* TASK PROMPT:
Beginning with the line that contains "Μανούλα σ'αγαπώ!, Τσάντα" and ending with the line that contains "今日のメニューは、ゆかりごは", reproduce the lines of the entries below exactly, omitting pictures.

Dataset records
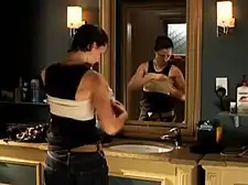 ![]() Adam binds his breasts as a temporary body modification to present his gender as male. | |
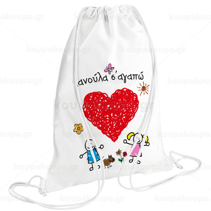 Μανούλα σ'αγαπώ!, Τσάντα πλάτης πουγκί GYMBAG λευκή (28x40cm)
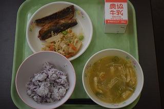 今日のメニューは、ゆかりごはん、飛び魚の竜田揚げ、千切大根のそぼろ炒め、かぼちゃのみそ汁でした。どれも美味しかったですが、油揚げの入ったかぼちゃのみそ汁は絶品でした。調理師、調理員の皆さん、栄養教諭の田路先生、迎教育実習生、今週もおいしい給食ありがとうございました。来週もよろしくお願いします。
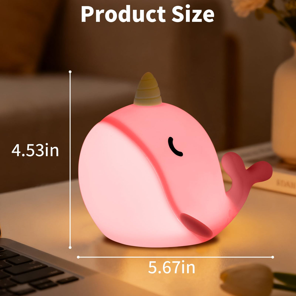 Discover The Magical Narwhal Night Light A Perfect Blend Of Enchanting Design And Practical Functionality. Crafted From Super Soft Child-Safe Silicone This Lamp Offers A Comforting Presence In Any Nursery Or Bedroom. With Simple Tap Control You Can Easily Choose From Three Adjustable Brightness Levels Of Warm White Light To Create The Ideal Ambiance. Featuring A Convenient 30-Minute Auto-Off Timer To Promote Healthy Sleep Habits And A Constant-On Mode For All-Night Comfort Its An Essential For Modern Parenting. Usb-Powered For Easy Use Anywhere Its Not Just A Night Light-ItS A Charming Companion And A Thoughtful Gift For Any Occasion. Key Features: Operation: Simple Tap Sensor Control. Light Modes: 3 Adjustable Warm White Brightness Levels. Timer Function: 30-Minute Auto-Off Timer. Alternative Mode: Constant-On Mode For All-Night Use. Material: enhanced Soft-Touch Silicone. Power: Usb Powered For Versatility. Design: Enchanting Narwhal Shape. Ideal For: Nurseries Kids Rooms Bedtime Routines And As A Gift.
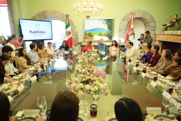 La gobernadora Lorena Cuéllar Cisneros se reunió con representantes de la Mesa de Cooperación Internacional para la Igualdad de Género en México (MCIG), para tratar temas enfocados en el trabajo de cuidados y compartir experiencias que han llevado al empoderamiento de las tlaxcaltecas.
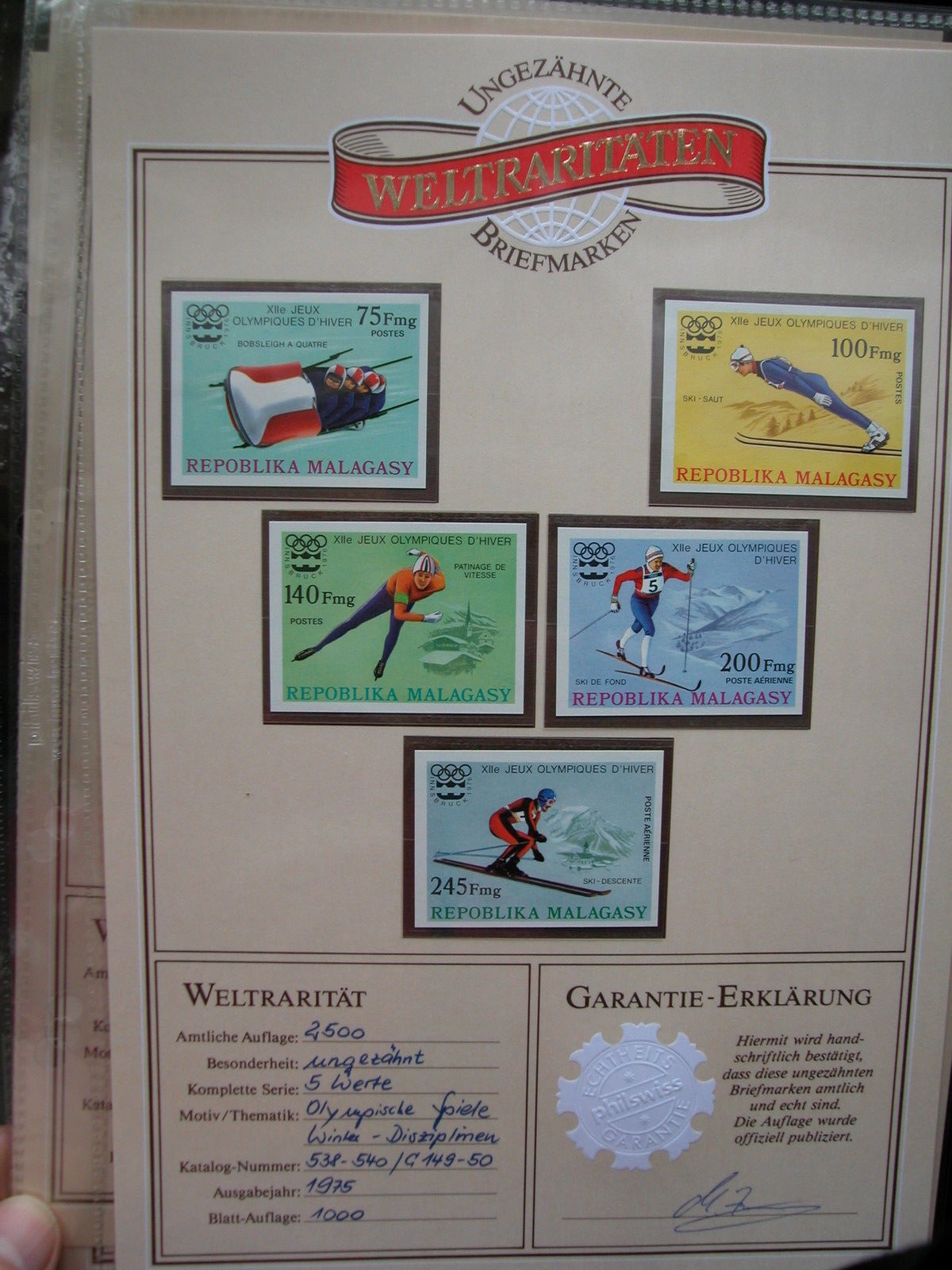 Wie mit dem Begriff "Weltrarität" Schindluder betrieben wird, zeigt dieses Angebot von 6 ungezähnten Marken aus Madagaskar zur Olympiade 1976 für läppische 7,- EUR im Sofortkauf. Auf einem typischen Albumblatt der Schweizer Firma Philswiss, die vor einigen Jahren eine Menge Schrott-Motiv-Marken teuer an die armen Sammler verscherbelte und die heute nur noch einen Bruchteil der Abosummen bei einem Weiterverkauf bringen.
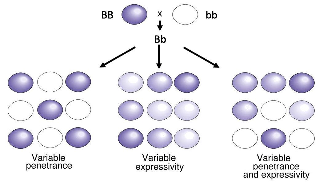 2. Variable Penetrance - Penetrance refers to the proportion of people with a particular genetic change (such as a mutation in a specific gene) who exhibit signs and symptoms of a genetic disorder
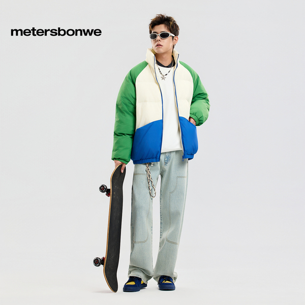 美特斯邦威面包羽绒服撞色拼接舒适保暖外套
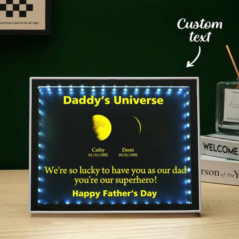 Custom Moon Phase Mirror Night Light Family Frame Dad's Universe Moon Lamp Unique Birthday Gift For Dad Father's Day Gifts
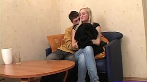 Ξανθιά κοπέλα αμοιβαία μαλακία με τη μητριά σε φούστα ενώ ο άντρας στη δουλειά, αντίθεση με ξυρισμένη πούτσα που γίνεται
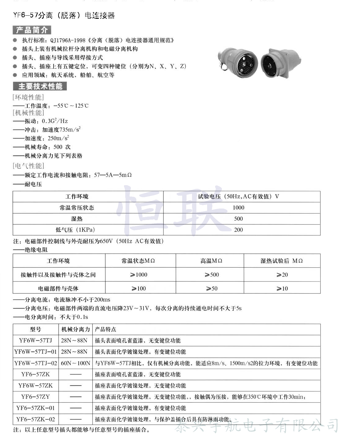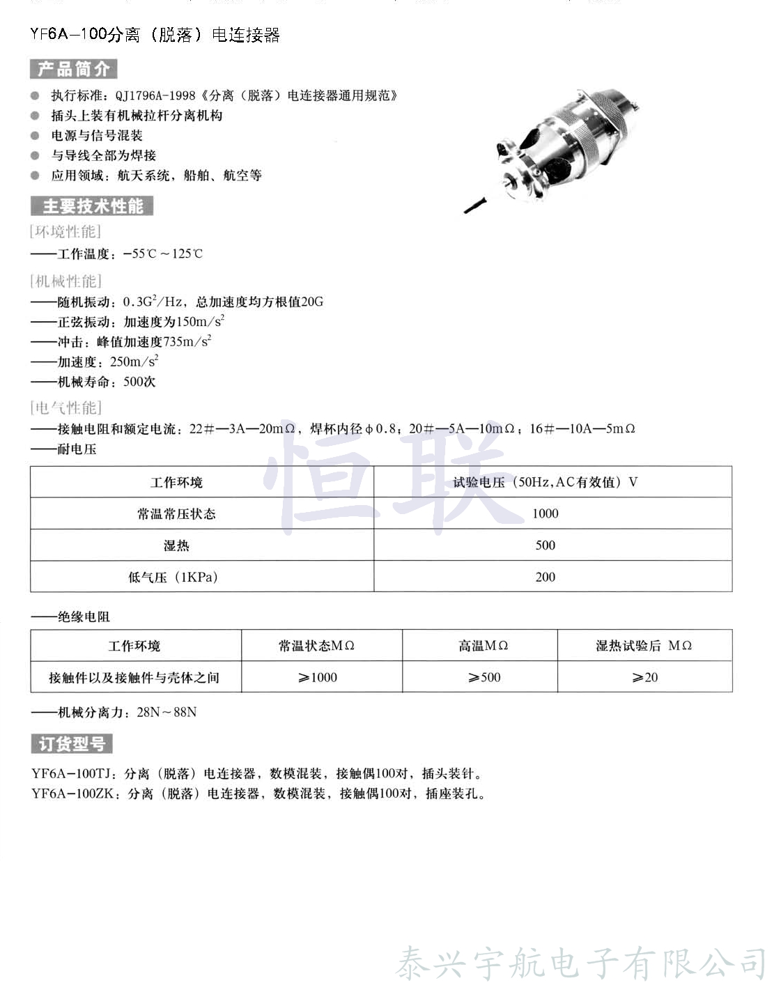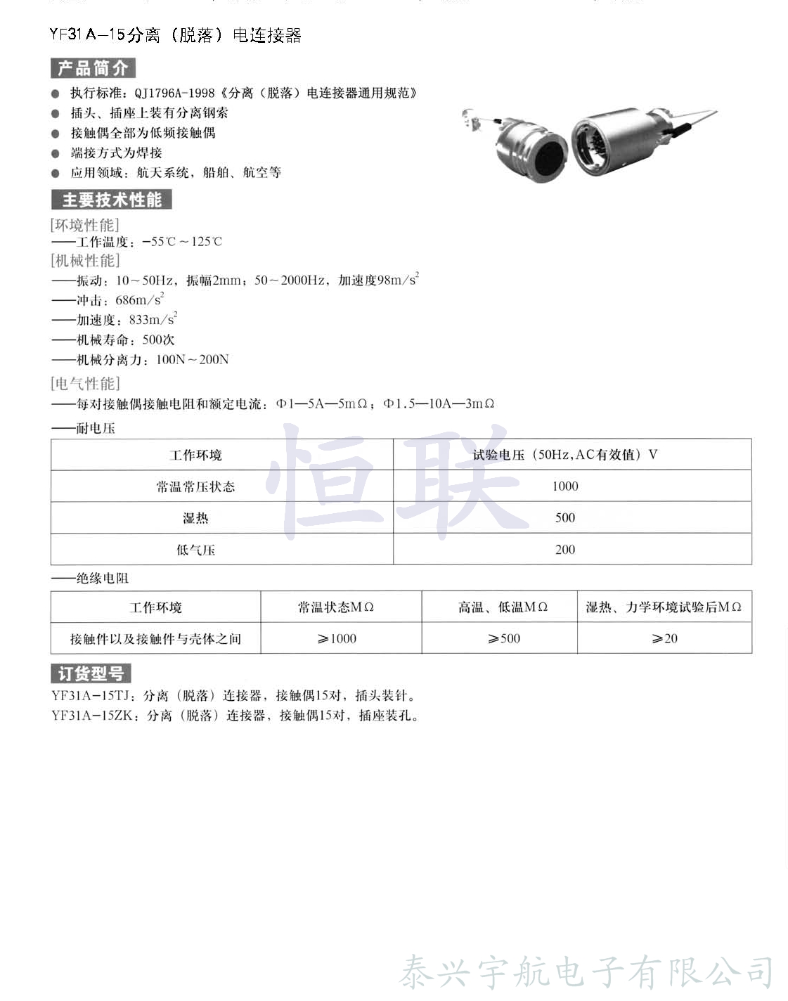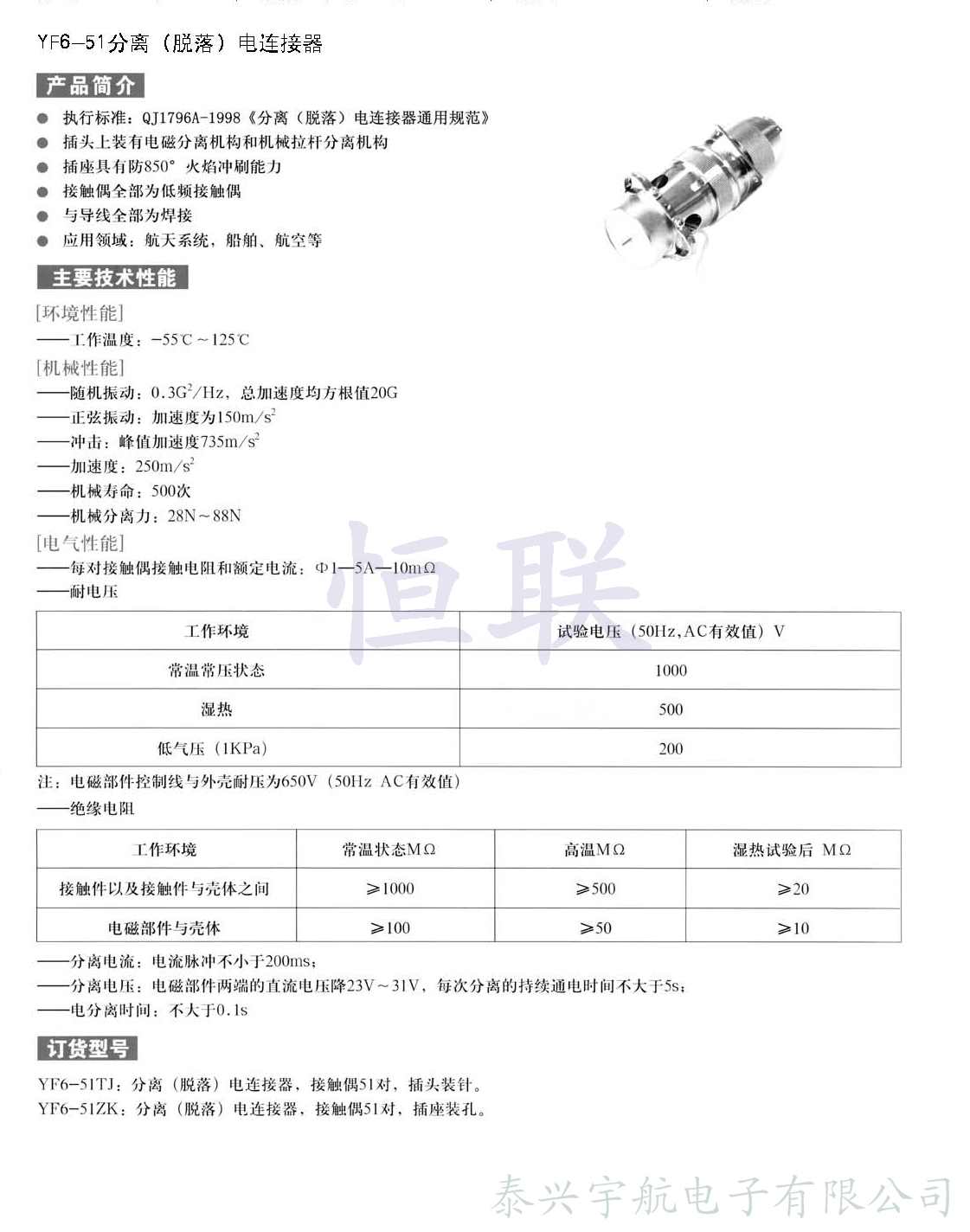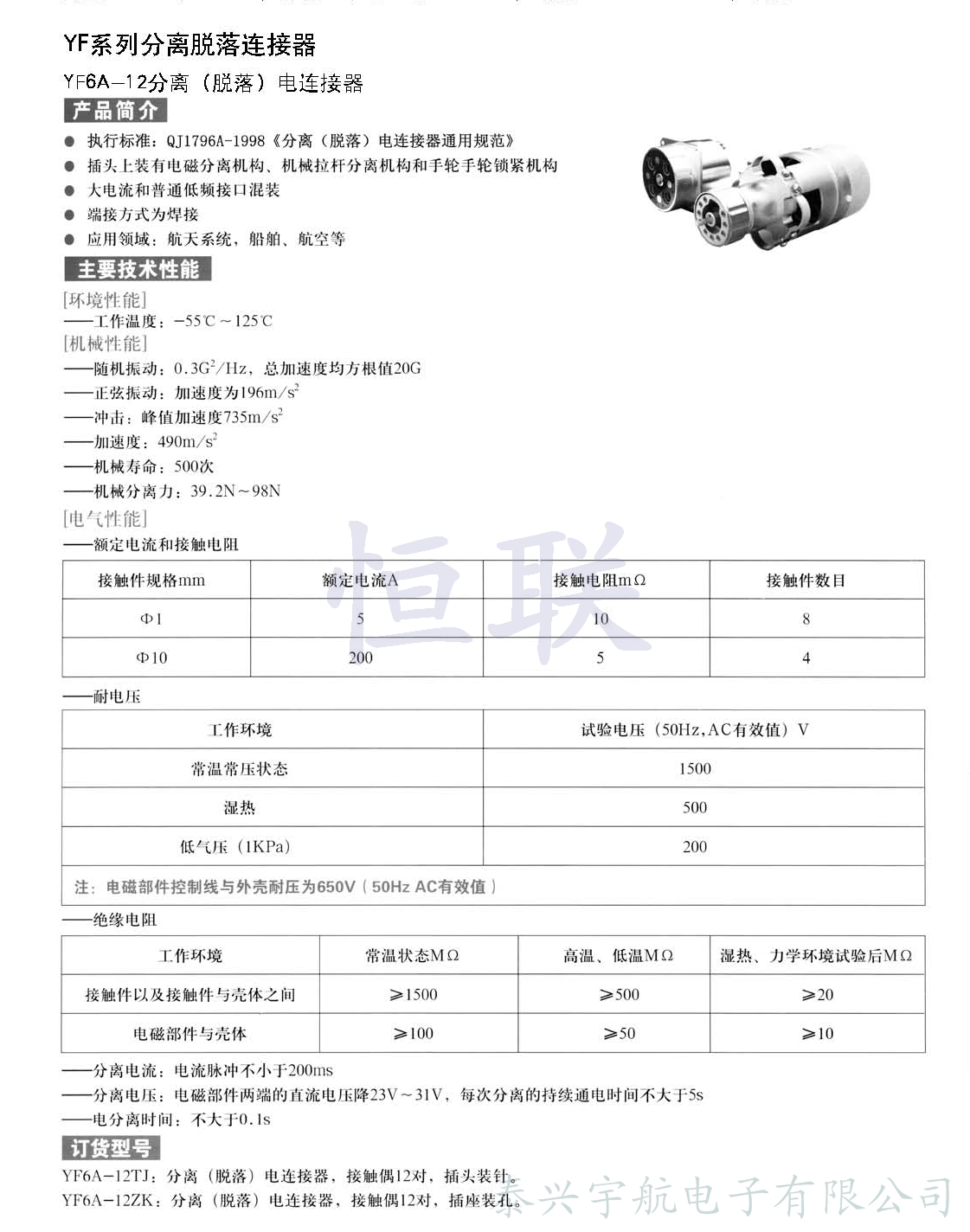 產(chǎn)品型號(hào):YF系列分離脫落連接器
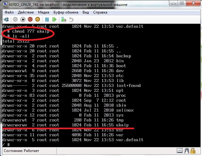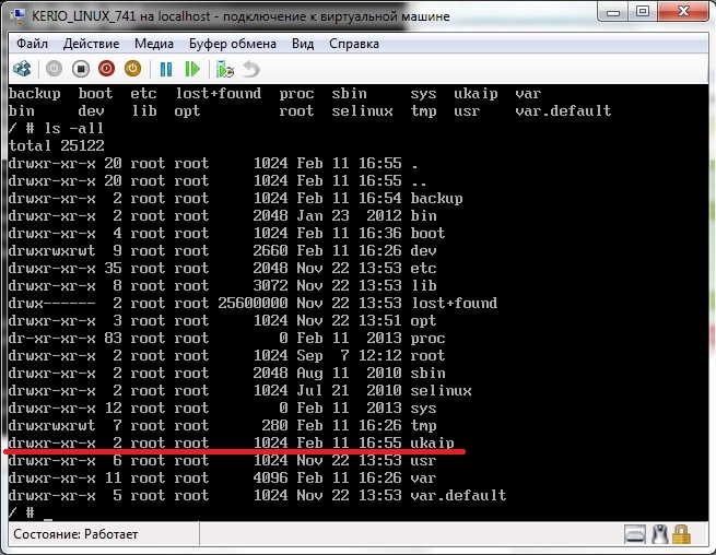 Создадим в корне две директории - BACKUP и UKAIP. В первую мы сложим исходные копии натуральных файлов без патча, во второй будем манипулировать с патчем. Строго говоря, эти директории надо создавать не в корне системы, а в директории /VAR из-за небольшого объема дискового пространства, отведенного под корень. Но нам для наших целей места хватит, потому для наглядности оставим как есть.

* OUTPUT FOR THIS TASK:
 Μανούλα σ'αγαπώ!, Τσάντα πλάτης πουγκί GYMBAG λευκή (28x40cm)
 今日のメニューは、ゆかりごはん、飛び魚の竜田揚げ、千切大根のそぼろ炒め、かぼちゃのみそ汁でした。どれも美味しかったですが、油揚げの入ったかぼちゃのみそ汁は絶品でした。調理師、調理員の皆さん、栄養教諭の田路先生、迎教育実習生、今週もおいしい給食ありがとうございました。来週もよろしくお願いします。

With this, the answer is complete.